Juliane "Julia" Unterberger (born 5 September 1962) is an Italian lawyer and politician from South Tyrol.

Biography
Unterberger attended the Beda-Weber-Gymnasium in Merano and then studied at the University of Innsbruck. In 1987, she completed her studies in economics with a diploma thesis on economic statistics in South Tyrol, in 1992 successfully completing the law studies offered by the Universities of Innsbruck and Padua with a diploma thesis on the implementation of EC law in Italy. Professionally, she works as a lawyer specializing in family law in South Tyrol. From 1999 to 2008, she was President of the State Advisory Board for Equal Opportunities.

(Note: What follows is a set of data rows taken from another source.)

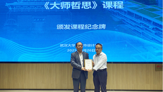 武汉大学城市设计学院2025《大师哲思》课程第二讲于9月26日18:30在专教楼报告厅正式开讲。课程第二讲邀请到华中科技大学建筑与城市规划学院二级教授黄亚平老师主讲,武汉大学城市设计学院院长李志刚教授、党委书记张文军以及多位学院领导、教师代表受邀出席。武汉大学城市设计学院副院长武静教授主持讲座,院长李志刚教授向黄亚平教授颁发《大师哲思》课程纪念牌。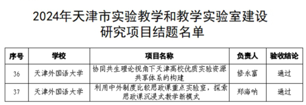 近日,天津市教委公布了2024年天津市实验教学和教学实验室建设研究项目结题结果。天津外国语大学立项的“协同共生理论视角下天津高校优质实验资源共享体系的构建”“利用中外制度比较思政课重点实验室,探索思政课沉浸式教学新模式”2个项目全部通过结题验收。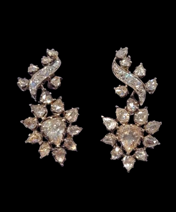 8cts of Rose cut and old mine cut diamond drop earrings. 40mm x 20mm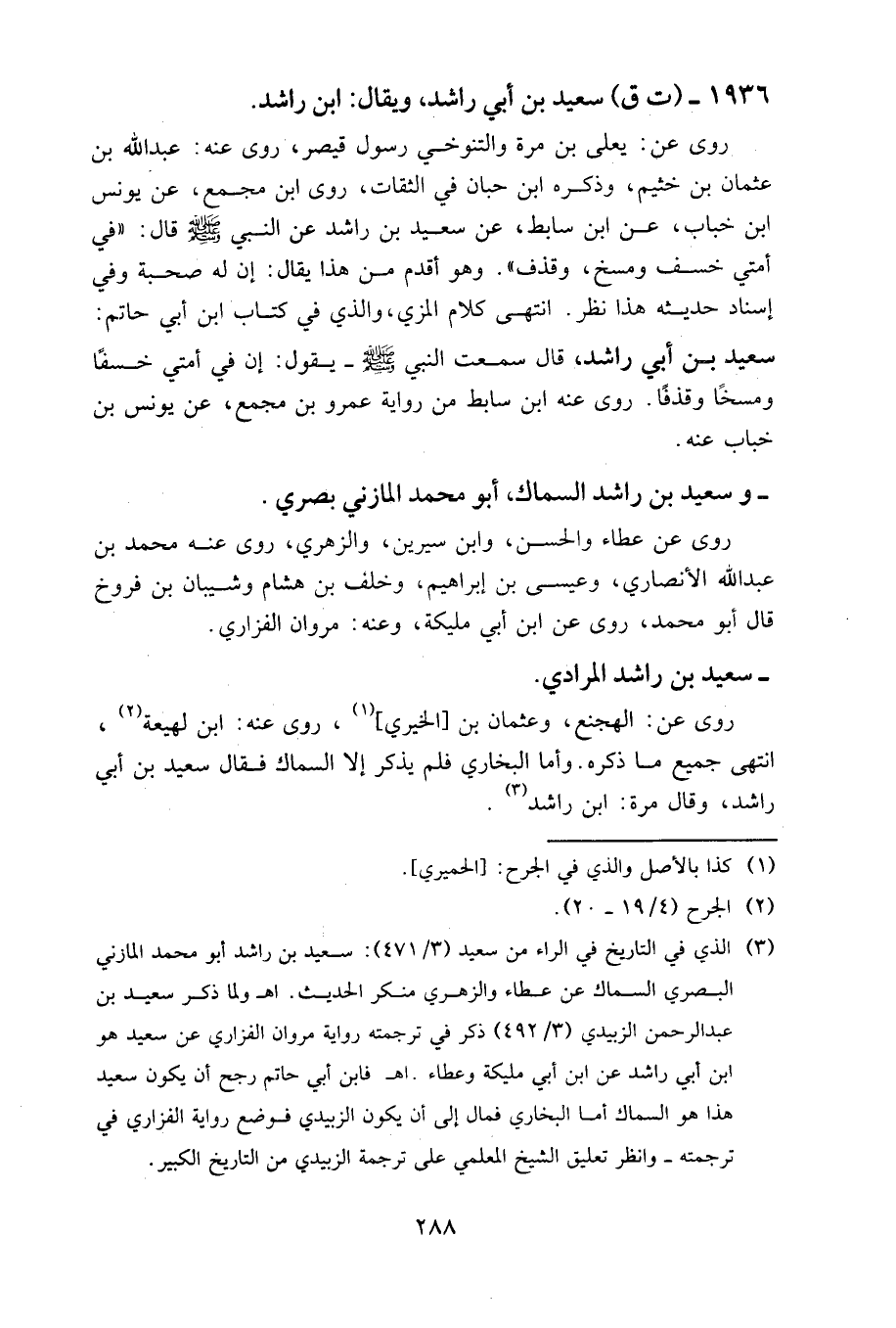 روى عن: يعلى بن مرة والتنوخي رسول قيصر، روى عنه: عبد الله بن عثمان بن خثيم، وذكره ابن حبان في الثقات، روى ابن مجمع، عن يونس بن خباب، عن ابن سابط، عن سعيد بن راشد عن النبي صلى الله عليه وسلم قال: «في أمتي خسف ومسخ، وقذف». وهو أقدم من هذا يقال: إن له صحبة وفي إسناد حديثه هذا نظر. انتهى كلام المزي، والذي في كتاب ابن أبي حاتم: سعيد بن أبي راشد، قال سمعت النبي صلى الله عليه وسلم- يقول: إن في أمتي خسفا ومسخا وقذفا. روى عنه ابن سابط من رواية عمرو بن مجمع، عن يونس بن خباب عنه.
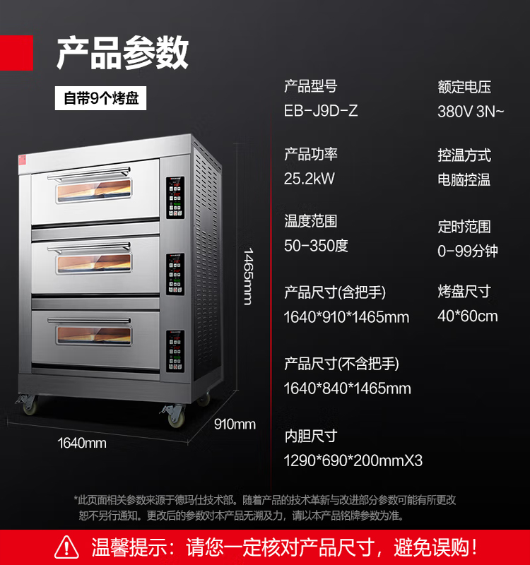 商品标题: 德玛仕(DEMASHI)EB-J9D-Z 商用烤箱三层九盘380V(单位:台)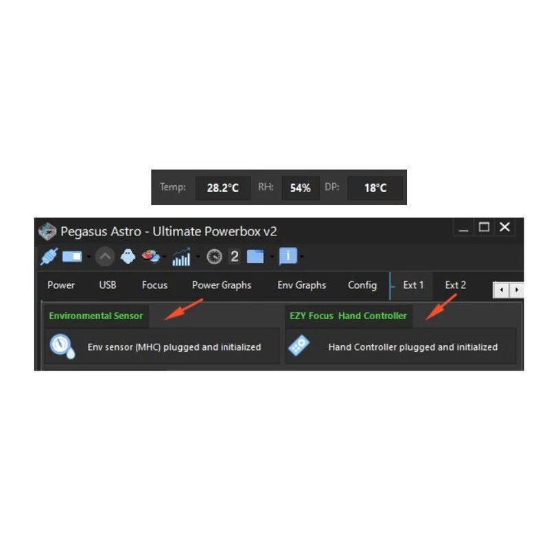 EZY Focus has an embedded high accuracy temperature and relative humidity sensor. The Ultimate Powerbox v2 automatically uses this sensor discarding the stock UPBv2 sensor.
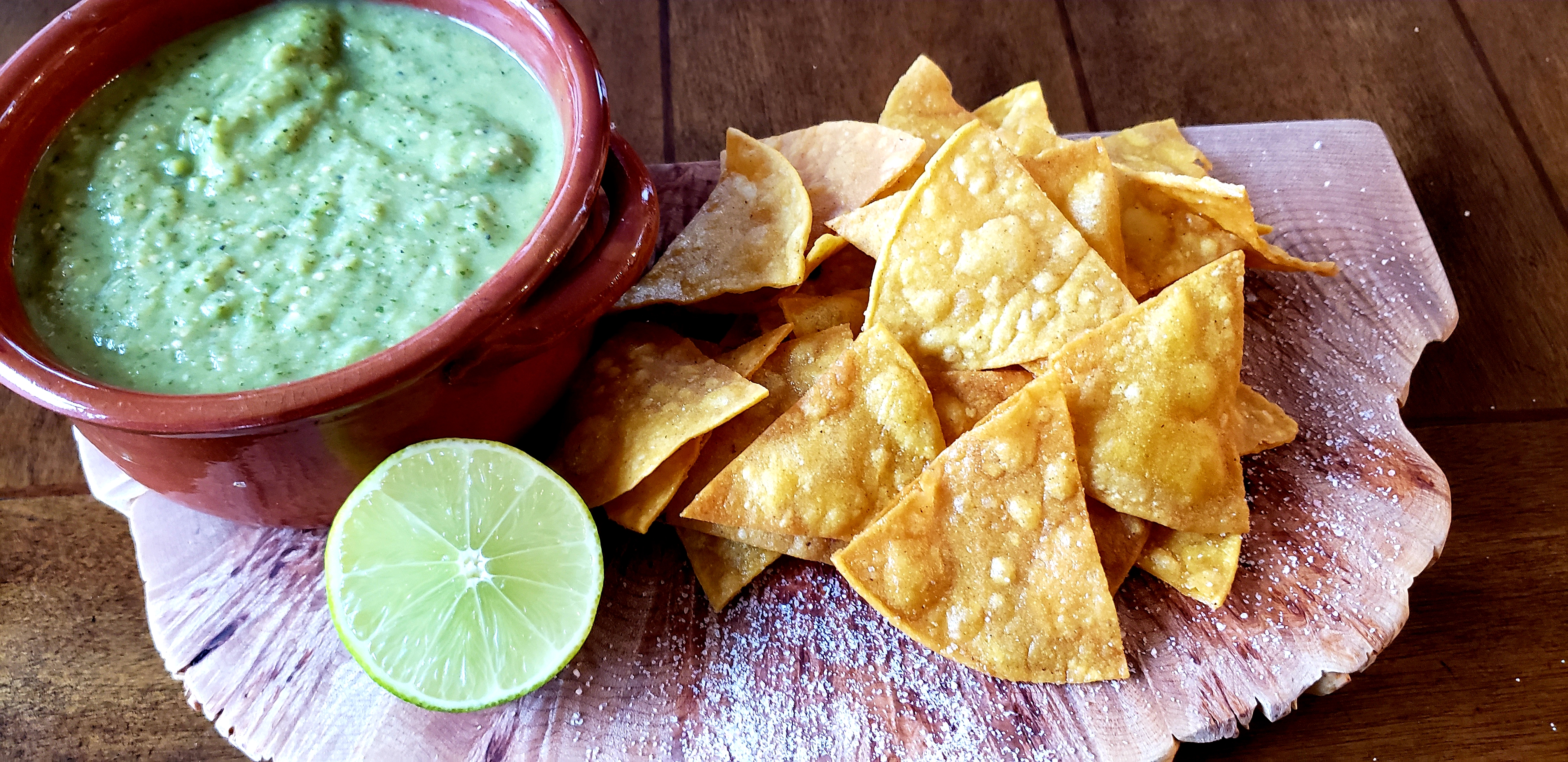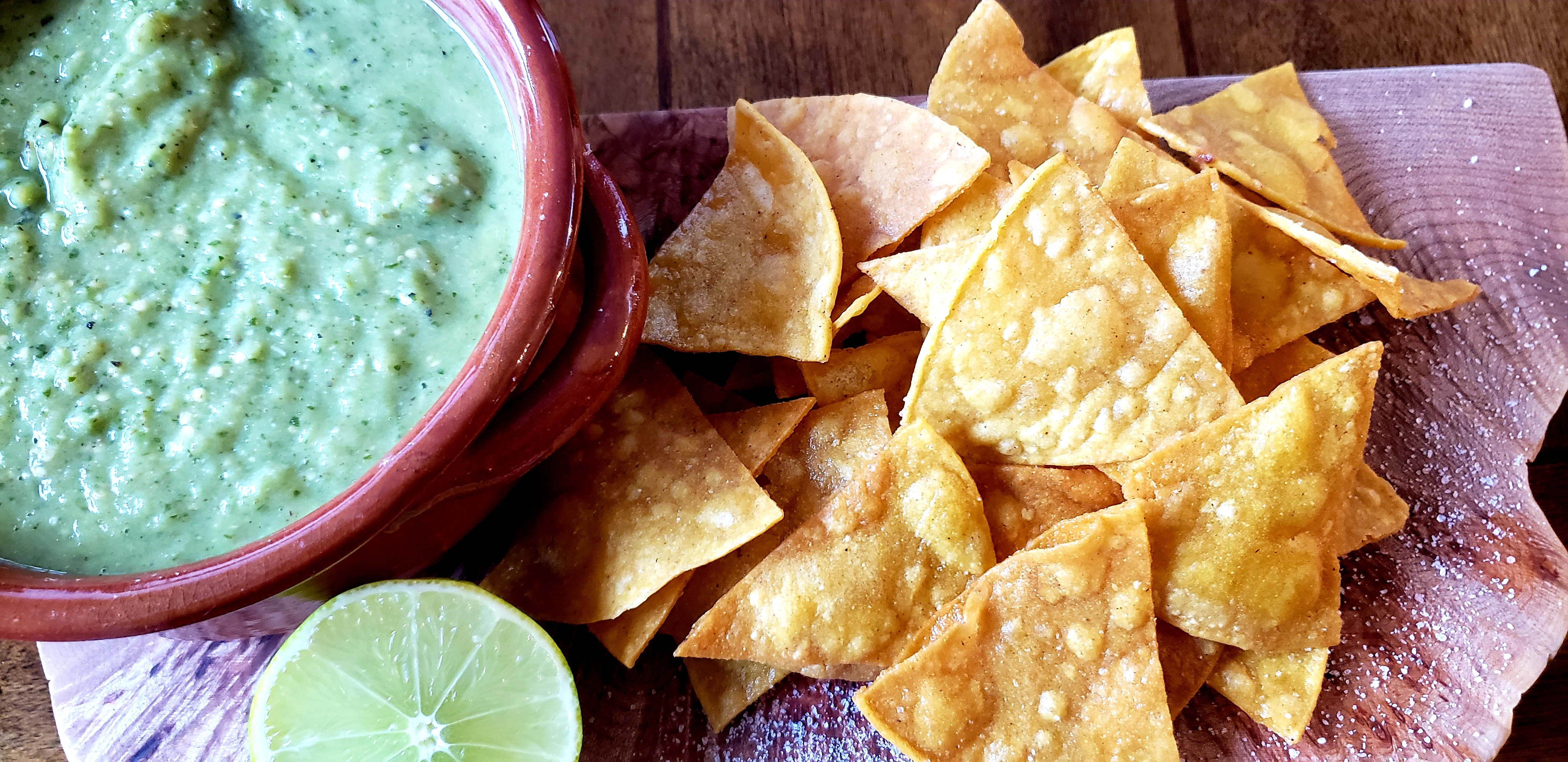 I don't always fry up fresh tortilla chips, when we are munching chips and salsa, but for the debut of this new Tomatillo-Avocado Salsa, I couldn't resist. I'm so glad I did. Saludos!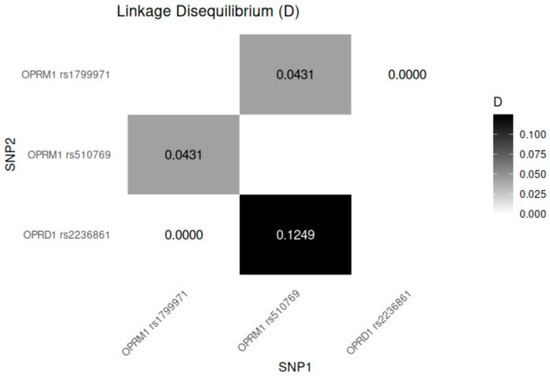 Linkage disequilibrium for variants of OPRM1 and OPRD1. The values displayed in the figure represent the degree of linkage disequilibrium (D) between the analyzed SNP pairs. A value of 0 indicates no linkage, while higher values indicate stronger linkage.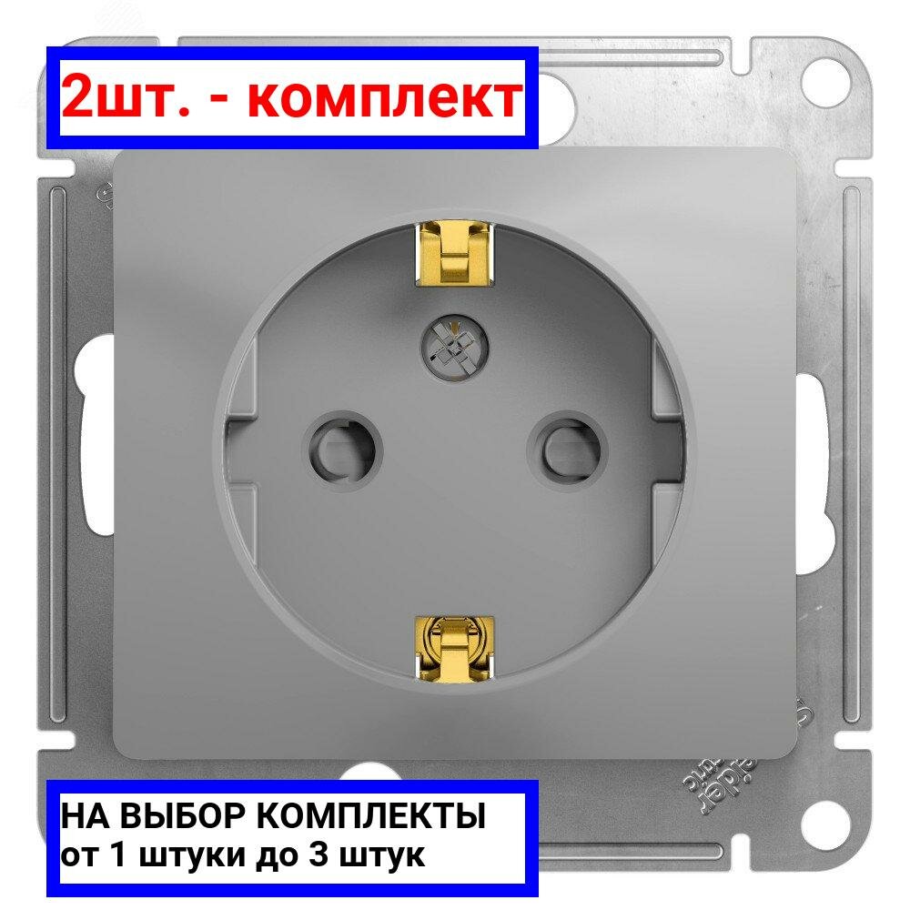 2шт. - GLOSSA Розетка с заземлением со шторками в рамку алюминий / Systeme Electric; арт. GSL000345; оригинал / - комплект 2шт информация: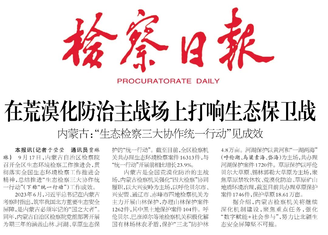 2023年6月,习近平总书记在内蒙古考察时指出,筑牢我国北方重要生态安全屏障,是内蒙古必须牢记的“国之大者”。同年,内蒙古自治区检察院党组部署开展为期三年的涵盖山林、河湖、草原生态保护的“统一行动”。截至目前,全区检察机关共办理生态环境检察案件16313件,与“统一行动”开展前相比增长23.9%。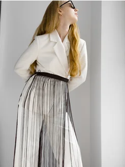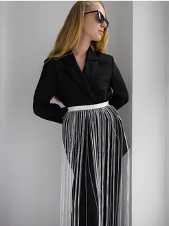 Пиджак женский оверсайз приталенный на завязках удлиненный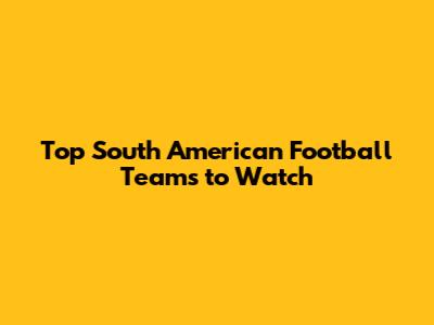Top South American Football Teams To Watch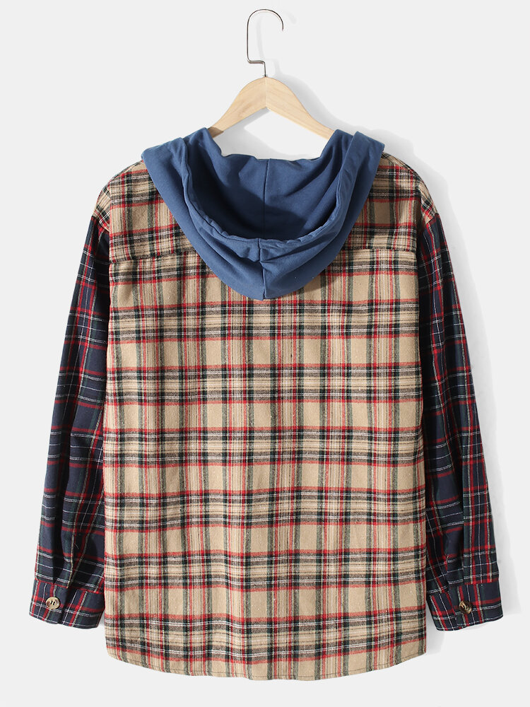 Brand:ChArmkpRDecoration:Hood,PocketFit Type:Regular FitMaterial:Cotton,PolyesterNeckline:HoodedPattern Type:Plaid,PatchworkScene:Leisure,Home,CasualSeason:Spring,AutumnSize:XXL,L,S,XL,MSleeve:Long SleeveStyle:Vintage,CasualThickness:Regular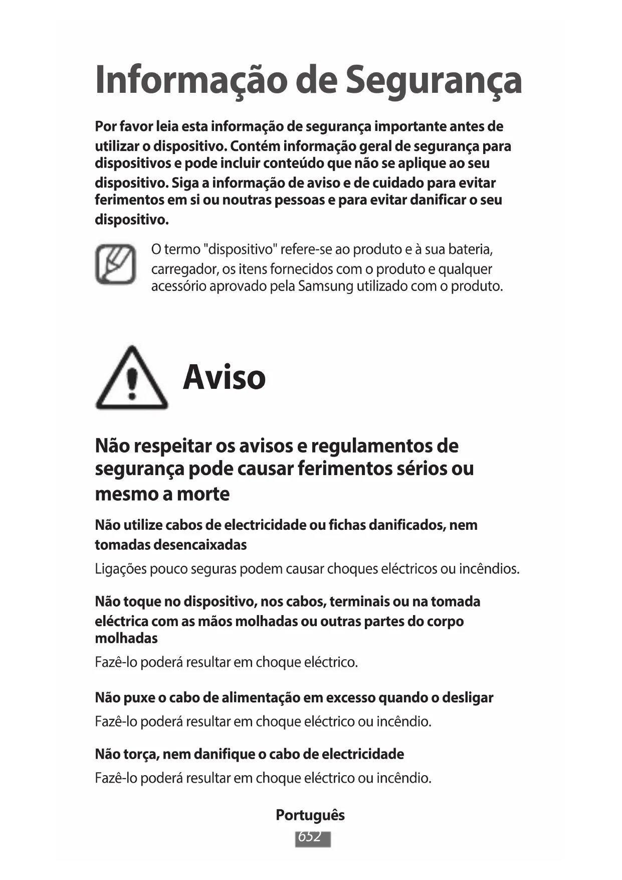 Informação de Segurança Por favor leia esta informação de segurança importante antes de utilizar o dispositivo. Contém informação geral de segurança para dispositivos e pode incluir conteúdo que não se aplique ao seu dispositivo. Siga a informação de aviso e de cuidado para evitar ferimentos em si ou noutras pessoas e para evitar danificar o seu dispositivo. O termo "dispositivo" refere-se ao produto e à sua bateria, carregador, os itens fornecidos com o produto e qualquer acessório aprovado pela Samsung utilizado com o produto. Aviso Não respeitar os avisos e regulamentos de segurança pode causar ferimentos sérios ou mesmo a morte Não utilize cabos de electricidade ou fichas danificados, nem tomadas desencaixadas Ligações pouco seguras podem causar choques eléctricos ou incêndios. Não toque no dispositivo, nos cabos, terminais ou na tomada eléctrica com as mãos molhadas ou outras partes do corpo molhadas Fazê-lo poderá resultar em choque eléctrico. Não puxe o cabo de alimentação em excesso quando o desligar Fazê-lo poderá resultar em choque eléctrico ou incêndio. Não torça, nem danifique o cabo de electricidade Fazê-lo poderá resultar em choque eléctrico ou incêndio.Português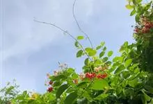 使君子 Jongkind)是使君子科、使君子属攀援灌木,叶对生,椭圆形,两面均被灰白色柔毛。穗状花序,倒挂下垂。花期夏秋。果有五棱,熟时黑色,种子白色。分布于印度、缅甸、菲律宾和中国。喜温润,深根性,…全部>>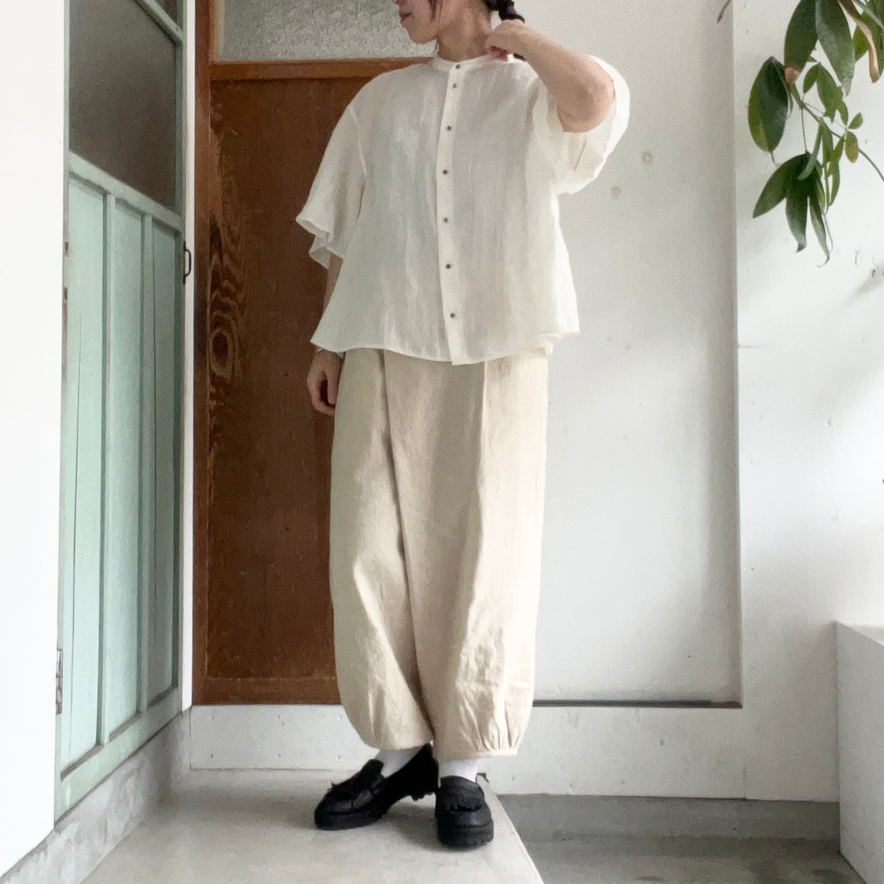 お袖がひらりと揺れる感じがなんとも素敵なリネンシャツです。

In the provincial elections in 2003, Unterberger was able to win a seat in the Landtag and thus also in the regional council on the list of the South Tyrolean People's Party. She narrowly missed re-election in the 2008 provincial elections. After Christian Egartner had to resign from the Landtag according to a judgment of the court of cassation, Unterberger moved up for him and was sworn in again as a member of parliament on 21 July 2010. On 2 March 2011, she was elected President of the Landtag to succeed Dieter Steger. According to the intended rotation principle at mid-term of the legislative period, she was replaced in this office by Mauro Minniti on 18 May, but remained as vice-president. Unterberger used her work in the Presidium of the Landtag to implement a new interpretation of the rules of procedure that the opposition parties had unsuccessfully fought against and which will prevent future obstruction. Before the state elections in 2013, she decided not to run again. In the parliamentary elections in 2018 she was elected into the Italian Senate with 61.1% of the votes in the single constituency of Merano.

Personal life
Unterberger lives in Merano, is married and has two children from her previous marriage to Karl Zeller.

References

1962 births
Living people
People from Merano
Italian women lawyers
Germanophone Italian people
South Tyrolean People's Party politicians
Members of the Landtag of South Tyrol
Members of the Regional Council of Trentino-Alto Adige
Senators of Legislature XVIII of Italy
University of Innsbruck alumni
University of Padua alumni
21st-century Italian women politicians
20th-century Italian lawyers
21st-century Italian lawyers
20th-century Italian women
Senators of Legislature XIX of Italy
Women members of the Senate of the Republic (Italy)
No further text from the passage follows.